SingHealth hopes that with an optimised schedule, manpower needs will be better allocated in SNEC. For example, staff can be deployed based on the ASO’s overview of when crowds will peak at the SNEC. The institution will also have a better idea of demand and supply that allows them to plan for the manpower much better because they will be able to anticipate the workload and distribute them evenly.

OpenGov Asia recently interviewed Mr Sim. He is convinced that COVID-19 has accelerated the adoption of AI in the healthcare space. Before the pandemic, the sector was predominantly service-oriented with a lot of people-to-people interaction. For better or for worse, COVID-19 disrupted that human-to-human interaction; and with fears over the infection, segregation and distancing became the norm.

The introduction of AI has not come without any concerns from the healthcare community. A common fear is that automation and robots will replace humans. People are concerned about their relevance and need – in short, they fear losing their jobs. Howie allayed these fears, saying that it’s a perspective issue. He feels that the workload of nurses increases, but resources are finite, so they need something to augment them. Thinking should be around how to manage staffing in such a manner that AI and/or automation become complementary to the existing workforce.

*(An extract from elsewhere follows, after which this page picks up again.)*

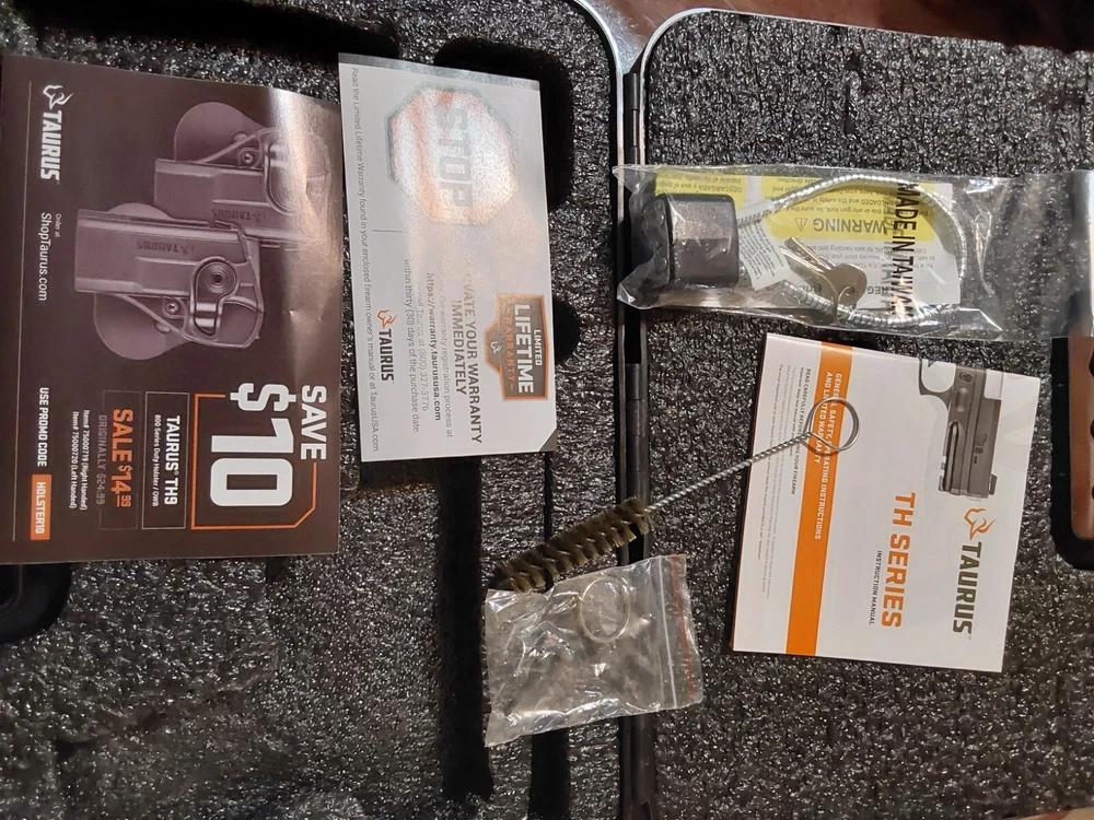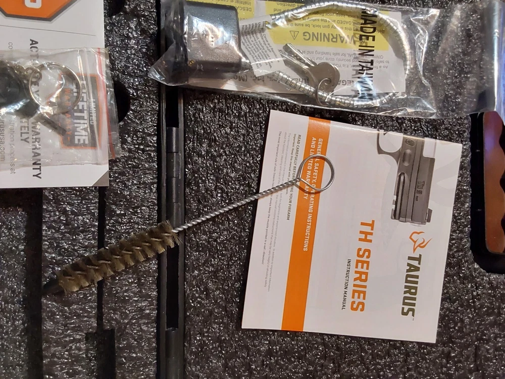 TAURUS TH 40 S/W COMPACT 3.54" BARREL GUN BOX WITH ALL PAPERWORK AS PICTURED. INCLUDED ARE SAFETY AND INSTRUCTION MANUAL, WARRANTY CARD, TAURUS HOLSTER GUIDE, KEY, LOCK & CLEANING BRUSH AS PICTURED. SHIPPED USPS GROUND ADVANTAGE PLEASE CHECK OUT ALL MY OTHER BOXES LISTED

The question then is how to maintain a set of human resources, established around an AI/automation strategy, that can be augmented when necessary. Essentially this creates a more stable employee model where staff can be ramped up when needed and then scaled down after the crises have passed.

AI has progressed to a point where it is complementary to both assessment and analytical work, opines Howie, “There’s no better time to democratise AI to the health care professionals.”